There’s more to think about in Germany than the odd neo-Nazi being turned back by Australian immigration. With only three weeks to go, the forthcoming election on 19 September has been getting plenty of coverage, even in the Australian media, as with this report by James Button in The Age and in this morning’s Australian.

Incumbent chancellor Gerhard Schroeder isn’t ready to be counted out yet, despite the fact that his political obituaries were being written months ago. He came from behind to win the last election, in 2002, on the strength of his opposition to the Iraq war. If he can do it again, it will be one of the great political comebacks.

There are five parties that will be represented in the new German parliament. From right to left, they are the opposition Christian Democrats (CDU), the Liberals (FDP), the governing Social Democrats (SPD), their coalition partners the Greens, and the Left Party of ex-communists and SPD defectors.
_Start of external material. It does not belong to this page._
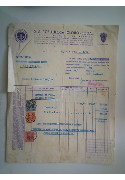 S.A. CELLULOSA CLORO - SODA NAPOLI 19 Maggio 1941

The key question is whether the first of these two will have a majority of seats between them. The opinion polls have had them well in front for a long time; and while their lead has been slipping, at present they are still hanging on to a majority. If that holds, they will form a coalition government, and CDU leader Angela Merkel will become Germany’s first female chancellor.
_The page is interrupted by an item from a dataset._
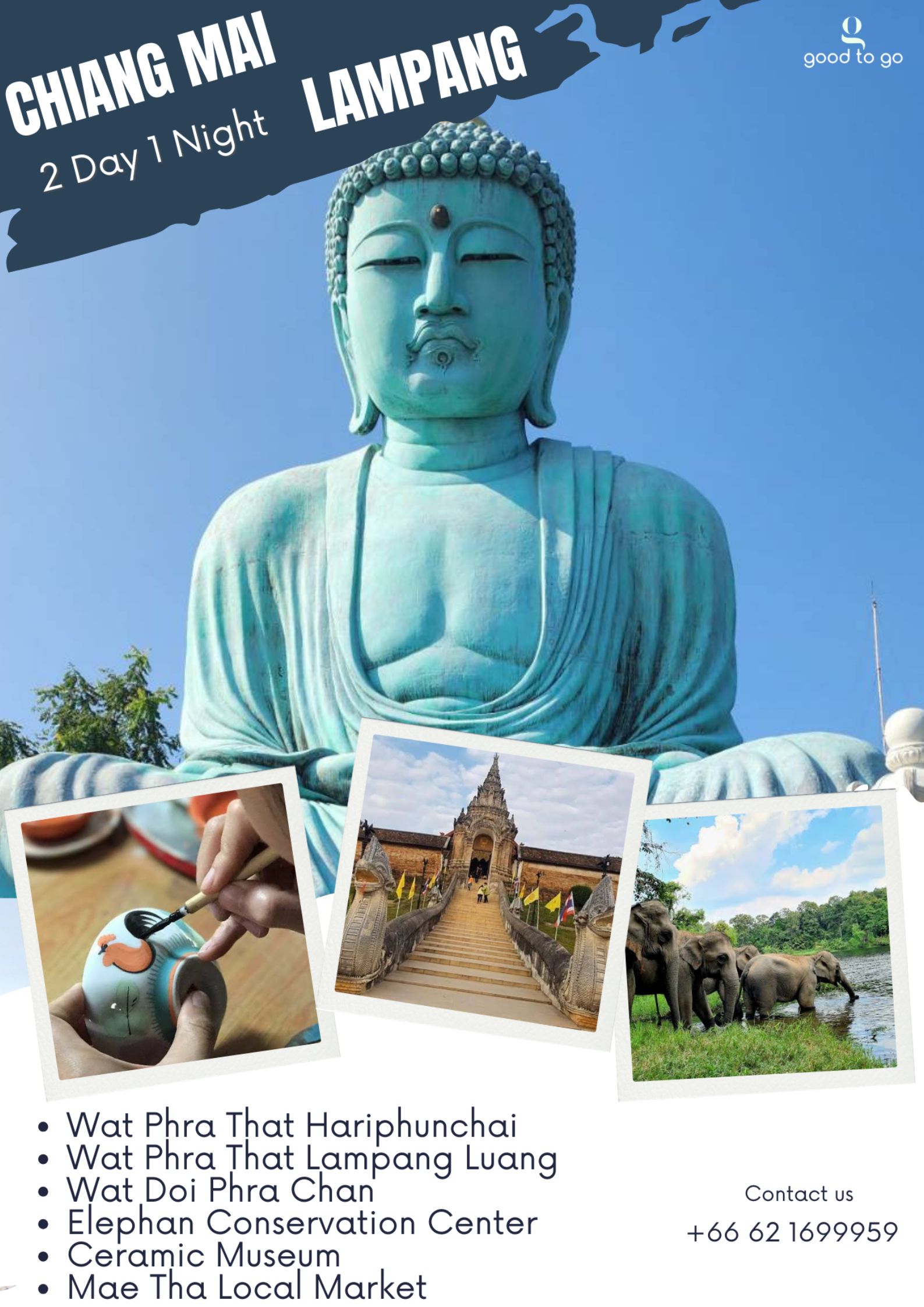 Experience the cultural richness of Northern Thailand on this 2-day, 1-night tour from Chiang Mai to Lampang. Visit the ancient Hariphunchai Temple in Lamphun, a historic gem of the Lanna Kingdom. Witness the beauty and compassion at the Elephant Conservation Center, where elephants are cared for with love. Discover the spiritual elegance of Lampang Luang Temple and enjoy the panoramic views from the hilltop Wat Doi Phra Chan. End the trip with a visit to the Lampang Ceramics Museum, showcasing the province’s famous pottery heritage. A peaceful and cultural escape just a short drive from Chiang Mai.

But if the CDU-FDP combination falls short, things will get interesting. Neither major party will go into coalition with the ex-communists, so there seem to be three possibilities. There could be a minority SPD-Greens government with the tacit support of the Left Party; or a grand coalition between the CDU and the SPD, locking out the smaller parties; or the FDP could switch sides (as it has done before) and combine with the SPD and Greens to provide a majority.

Most participants agree that Germany is in need of fairly major economic reform, but it is an open question which side is better placed to offer it. Schroeder’s reforms so far have been minor, but enough to earn him plenty of popular ill-will. The CDU, like John Howard here in 1996, seems to be playing both sides: promising further reform, but capitalising on the unpopularity of what has already been done.